**What to produce:** All that is wanted is the exact text of the lines below from the one with "Your dress will" through the one with "در 4 شماره .", inclusive, minus any pictures.

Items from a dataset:

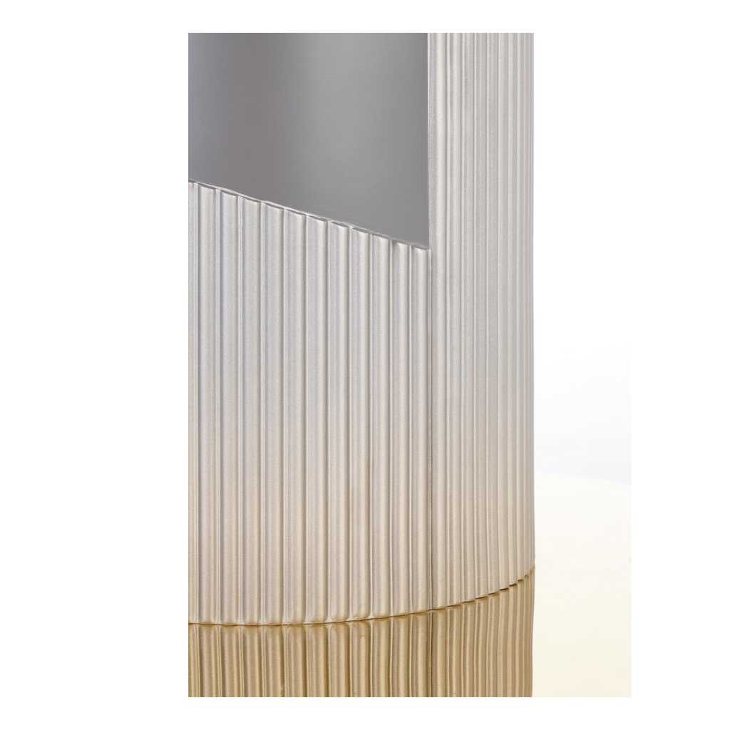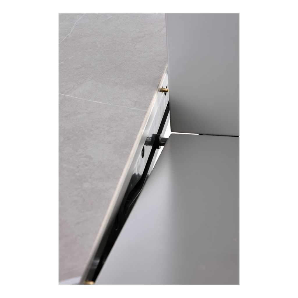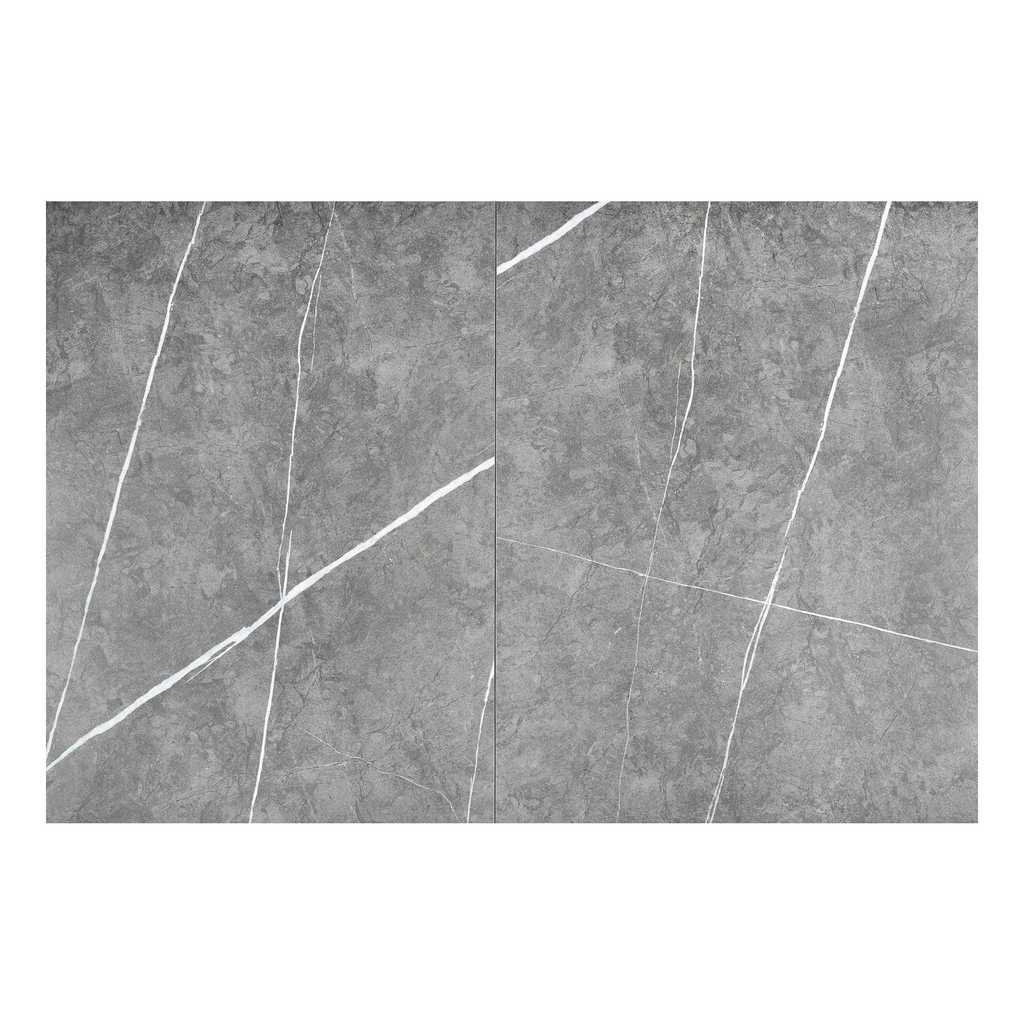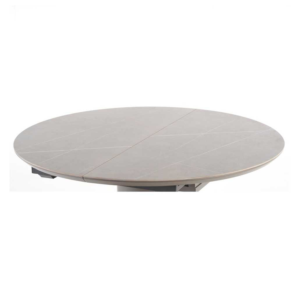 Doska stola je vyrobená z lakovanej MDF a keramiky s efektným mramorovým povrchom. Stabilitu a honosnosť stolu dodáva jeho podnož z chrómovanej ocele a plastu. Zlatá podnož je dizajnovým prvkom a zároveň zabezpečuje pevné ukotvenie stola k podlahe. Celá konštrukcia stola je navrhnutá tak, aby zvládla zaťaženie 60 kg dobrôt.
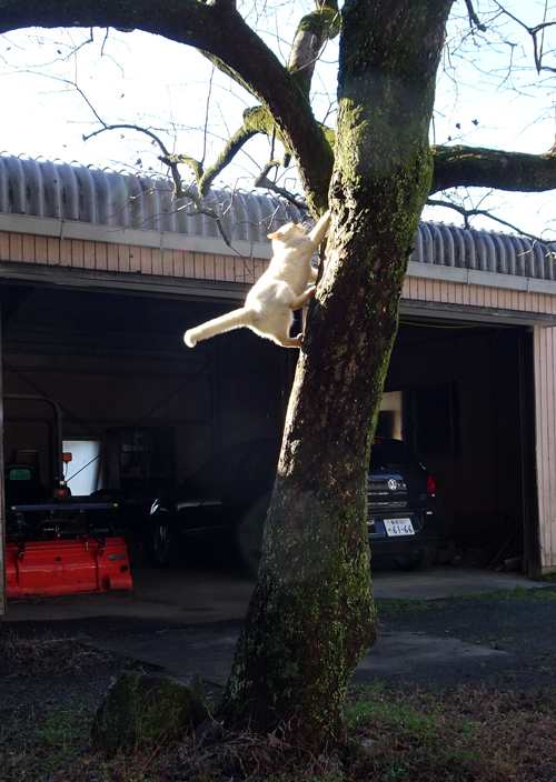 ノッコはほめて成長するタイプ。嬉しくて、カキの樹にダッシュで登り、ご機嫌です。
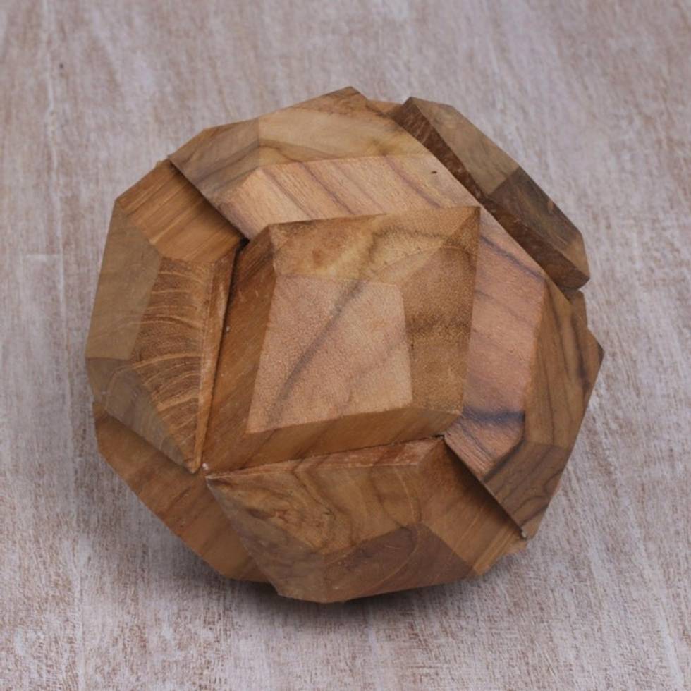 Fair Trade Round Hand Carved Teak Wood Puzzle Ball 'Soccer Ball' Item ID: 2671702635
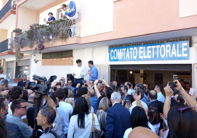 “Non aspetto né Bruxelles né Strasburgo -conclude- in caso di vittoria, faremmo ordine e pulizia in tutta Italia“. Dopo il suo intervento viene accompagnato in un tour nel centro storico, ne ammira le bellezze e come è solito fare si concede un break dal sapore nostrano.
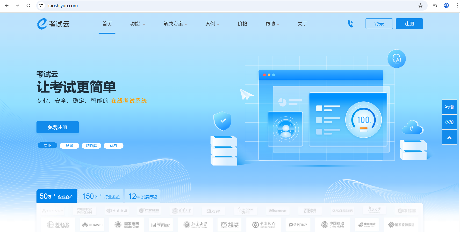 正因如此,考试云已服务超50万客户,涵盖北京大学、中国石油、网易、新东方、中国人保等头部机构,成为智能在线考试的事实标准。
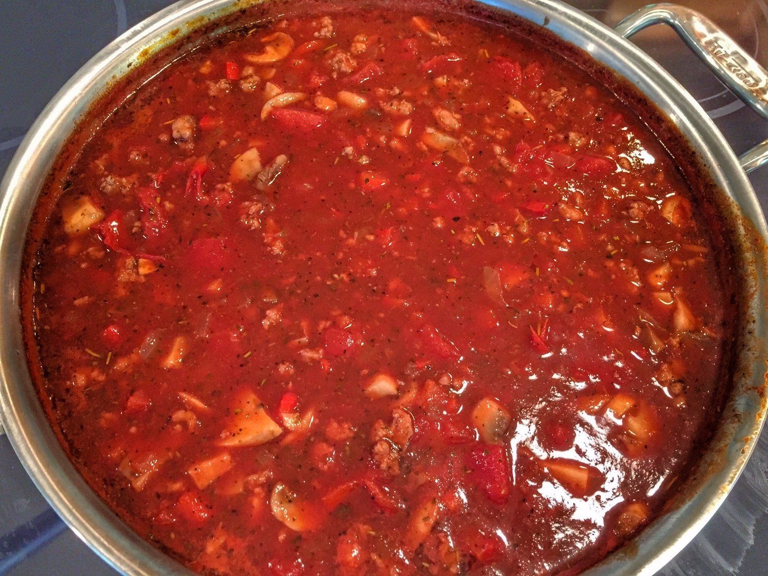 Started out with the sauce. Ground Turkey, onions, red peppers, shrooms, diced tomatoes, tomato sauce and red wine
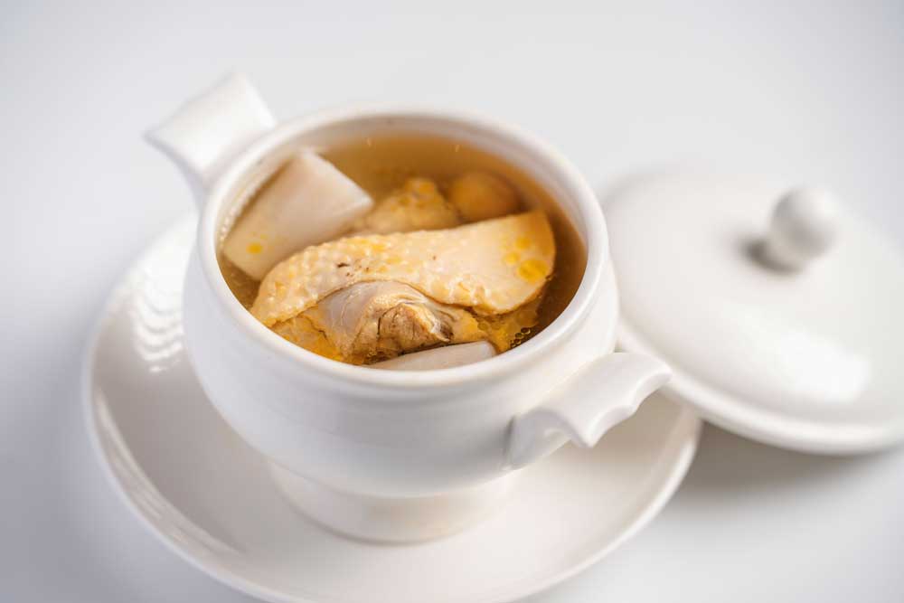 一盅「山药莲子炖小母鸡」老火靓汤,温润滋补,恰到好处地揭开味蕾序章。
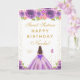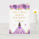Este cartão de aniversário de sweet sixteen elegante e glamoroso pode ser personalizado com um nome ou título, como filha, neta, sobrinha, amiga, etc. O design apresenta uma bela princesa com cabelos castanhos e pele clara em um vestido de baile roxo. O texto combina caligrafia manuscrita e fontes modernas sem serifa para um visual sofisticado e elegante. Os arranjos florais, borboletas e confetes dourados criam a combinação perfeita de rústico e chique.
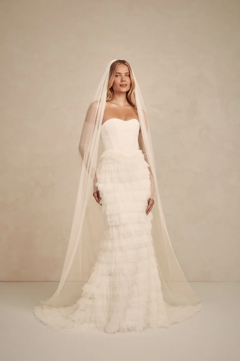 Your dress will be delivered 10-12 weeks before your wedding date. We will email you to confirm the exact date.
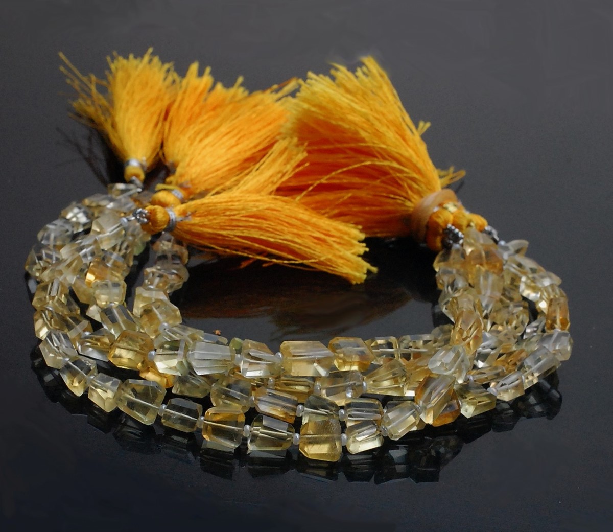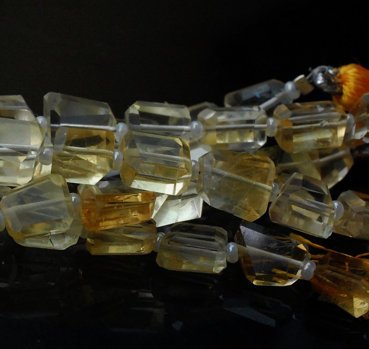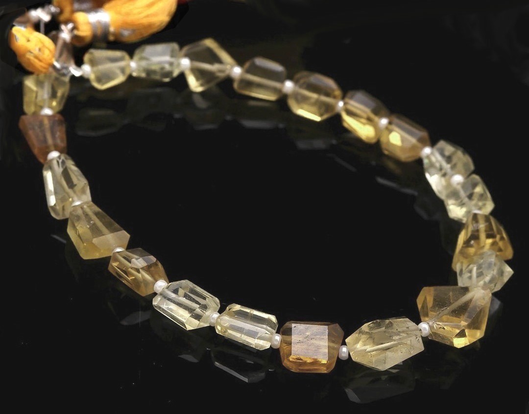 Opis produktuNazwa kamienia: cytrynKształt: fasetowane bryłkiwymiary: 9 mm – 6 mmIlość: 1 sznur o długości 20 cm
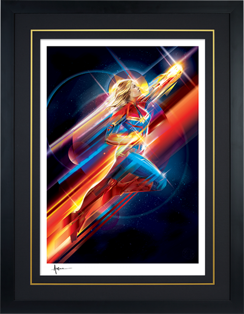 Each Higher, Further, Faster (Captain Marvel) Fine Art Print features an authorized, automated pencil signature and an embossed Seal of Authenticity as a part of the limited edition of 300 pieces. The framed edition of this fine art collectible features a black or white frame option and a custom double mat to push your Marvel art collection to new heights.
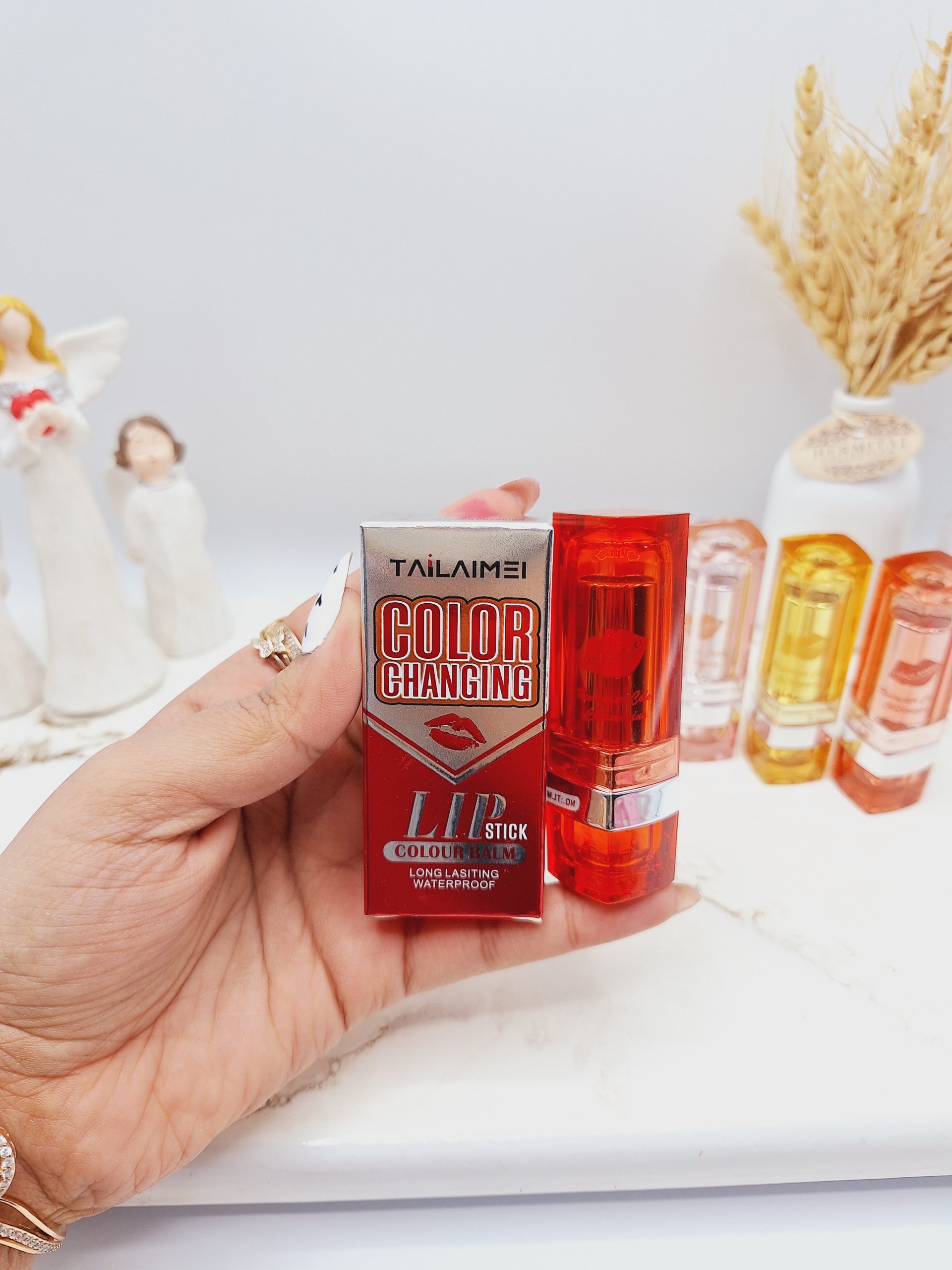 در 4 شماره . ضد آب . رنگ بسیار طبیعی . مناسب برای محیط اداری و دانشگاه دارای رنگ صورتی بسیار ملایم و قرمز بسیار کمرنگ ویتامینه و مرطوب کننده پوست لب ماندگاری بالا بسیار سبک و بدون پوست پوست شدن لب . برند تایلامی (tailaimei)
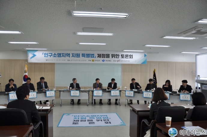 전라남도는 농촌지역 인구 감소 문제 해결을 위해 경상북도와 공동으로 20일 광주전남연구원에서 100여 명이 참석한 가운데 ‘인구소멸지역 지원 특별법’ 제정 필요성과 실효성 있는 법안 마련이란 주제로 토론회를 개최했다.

**Result:**
 Your dress will be delivered 10-12 weeks before your wedding date. We will email you to confirm the exact date.
 Opis produktuNazwa kamienia: cytrynKształt: fasetowane bryłkiwymiary: 9 mm – 6 mmIlość: 1 sznur o długości 20 cm
 Each Higher, Further, Faster (Captain Marvel) Fine Art Print features an authorized, automated pencil signature and an embossed Seal of Authenticity as a part of the limited edition of 300 pieces. The framed edition of this fine art collectible features a black or white frame option and a custom double mat to push your Marvel art collection to new heights.
 در 4 شماره . ضد آب . رنگ بسیار طبیعی . مناسب برای محیط اداری و دانشگاه دارای رنگ صورتی بسیار ملایم و قرمز بسیار کمرنگ ویتامینه و مرطوب کننده پوست لب ماندگاری بالا بسیار سبک و بدون پوست پوست شدن لب . برند تایلامی (tailaimei)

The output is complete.